By the morning of August 18, the complex of fires burning through much of the Napa County region collectively encompassed over 12,000 acres. By this time, only several hundred firefighters were actively engaging the fires. Air attack reported additional spot fires beginning to flare up due to the deteriorating weather conditions, as at least 20 to 30 new fires ignited by lightning the day prior were discovered. One of those ignitions was the actively expanding Walbridge Fire (then the 13-4 Fire) that had started in rugged hills north of the Austin Creek State Recreation Area of Sonoma County. Evacuation warnings were put in place for the rural area in the hills between Healdsburg and Stewarts Point as the fire burned virtually unchecked. Those evacuations were then expanded to include areas east of Sewell Road and King Ridge Road; north of Old Cazadero Road and Austin Creek; west of East Austin Creek and Wal Bridge Ridge; and south of Stewarts Point Skaggs Springs Road --as well as Guerneville, Monte Rio and other areas north of the Russian River-- which displaced hundreds of residences by nightfall as the fire grew to 500 acres.

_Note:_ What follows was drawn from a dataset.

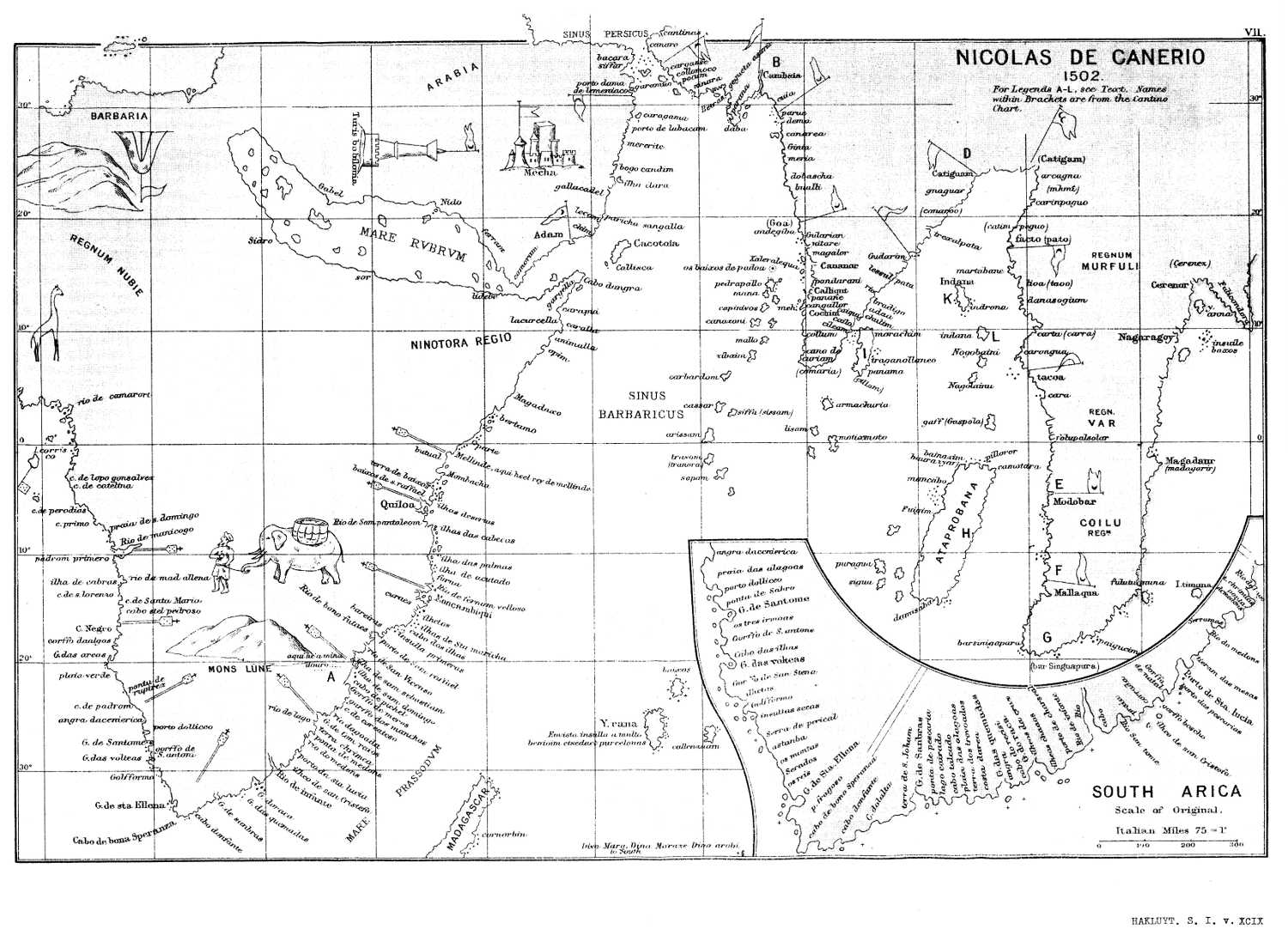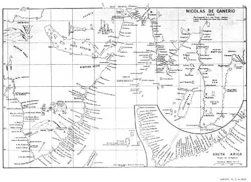 [440] On Canerio’s chart St. Helena’s Bay is placed 32° 30´ S., the true latitude being 32° 40´ S. Cantino, whose outline is far more correct places the Bay in 31° S.

Meanwhile, a 15 acre fire had also been spotted burning between Meyers Grade and Highway 1 north of the community of Jenner after being caused by lightning the day prior and would later be dubbed the Meyers Fire as it also rapidly expanded in the area. Mandatory evacuations were put in place for areas west of Meyers Grade Road, south of Fort Ross Road and North of the intersection of Meyers Grade Road and Highway 1 throughout the day.

Evacuations orders that initially were put in place for roads near the Hennessey Fire off of Hennessey Ridge Road and Highway 128 and along Chiles Pope Valley Road and Lower Chiles Valley Road began to expand for much of the surrounding Lake Berryessa area as the fire and multiple other conflagrations effectively exploded in size in that area. These mandatory evacuations were put in place for the Berryessa Highlands and Spanish Flat areas as the fires rapidly raged towards those communities. By this time, the Hennessey Fire has reportedly only destroyed one structure and two outbuildings in the area and threatened 205 structures, however an additional 390 homes in the Berryessa Estates area were now reportedly threatened and multiple structures were reported burning throughout the valley. Later that afternoon, the fire further threatened additional rural areas along Highway 128 as it jumped the two-lane winding highway twice and it raced towards the Vaca Mountains bordering Napa and Solano County.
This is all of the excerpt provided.